For Physiology or Medicine, the team of Harvey J. Alter MD, Michael Houghton PhD, and Charles M. Rice PhD discovered and characterized the virus responsible for blood-borne hepatitis C. While an intramural researcher at the National Institutes of Health (NIH), Dr. Alter sparked discovery of hepatitis C by first identifying a distinct infectious agent in post-transfusion hepatitis cases that could not be classified as a type A or type B virus. Several years later, Dr. Houghton and colleagues were able to isolate the genome of the unknown pathogen, formally naming it hepatitis C. Dr. Rice provided essential details about the virus. His genetic experiments confirmed that hepatitis C alone could cause disease in host organisms which ultimately led to a cure. Dr. Houghton currently serves as the Canada Excellence Research Chair in Virology and Li Ka Shing Professor of Virology at the University of Alberta; he is the Director of the Li Ka Shing Applied Virology Institute as well. Dr. Alter now serves as a Senior Scholar at the NIH Clinical Center’s Department of Transfusion Medicine. Dr. Rice conducted his seminal work at Washington University School of Medicine (a Research!America member) and has received continuous NIH funding since 1987. He now serves as the Maurice R. and Corinne P. Greenberg Professor in Virology and Head of the Laboratory of Virology and Infectious Disease at The Rockefeller University.

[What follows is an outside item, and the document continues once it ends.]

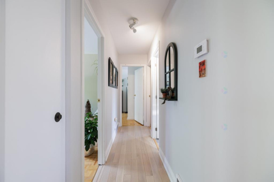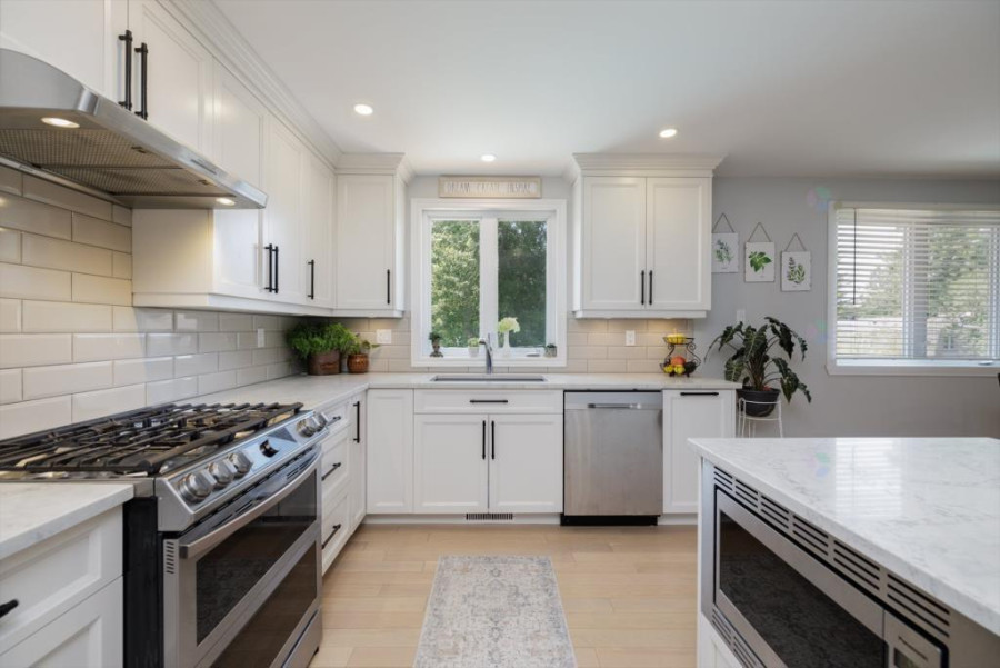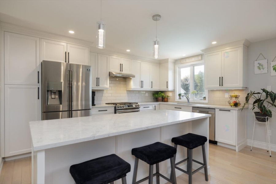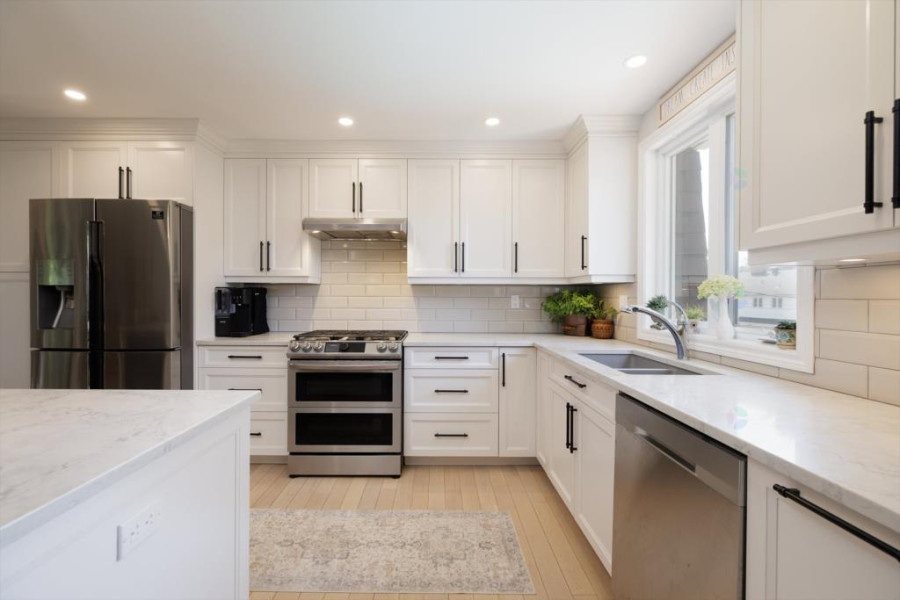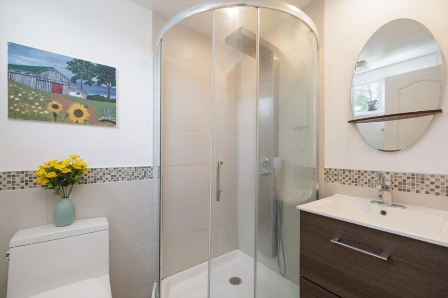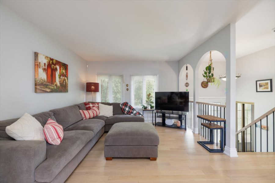 主层采用现代化设计,配备三间卧室、两间浴室及开放式厨房、餐厅与客厅区域。厨房为近期翻新,全白橱柜搭配大尺寸中岛,配有天然气炉具与不锈钢电器组,并以落地窗连通餐厅与后阳台,采光充足。客餐厅与走廊全铺实木地板,布局方正,居住舒适性佳。主卧带独立卫浴,空间宽敞,视野通透。地下室全面装修,设有大型家庭厅、书房(可灵活转换为卧室或工作室)、额外化妆间与多功能储物空间。家庭厅配置天然气壁炉,地面为人字形拼接实木地板,温馨典雅。洗衣区、机械房及大型储藏间一应俱全,实用性强。

For Chemistry, Jennifer Doudna PhD and Emmanuelle Charpentier PhD designed a revolutionary gene technology tool: the CRISPR/Cas9 genetic scissors. Dr. Doudna determined the functional importance of Cas9 proteins. While investigating the immune system of a harmful bacteria (Streptococcus pyogenes), Dr. Charpentier discovered a key molecule necessary for the function of the CRISPR/Cas9 system. Dr. Charpentier and Dr. Doudna joined forces to recreate and simplify the bacteria’s genetic scissors in a test tube. This newer CRISPR/Cas9 system is a powerful gene-editing tool that has contributed to further discoveries in basic research and is beginning to be applied to improve patient health. Drs. Doudna and Charpentier are the first women to win a Nobel prize in the sciences together. Dr. Doudna is a biochemist from the University of California, Berkeley, and received support from both NIH and NSF. She also is an Investigator at the Howard Hughes Medical Institute and a Senior Investigator at the Gladstone Institutes. Dr. Charpentier heads a laboratory at Vienna University’s Institute of Microbiology and Genetics.

Funding from both NIH and NSF supported the work of these scientists, underscoring the crucial role of federal investment in basic research as a catalyst for discoveries benefitting us all.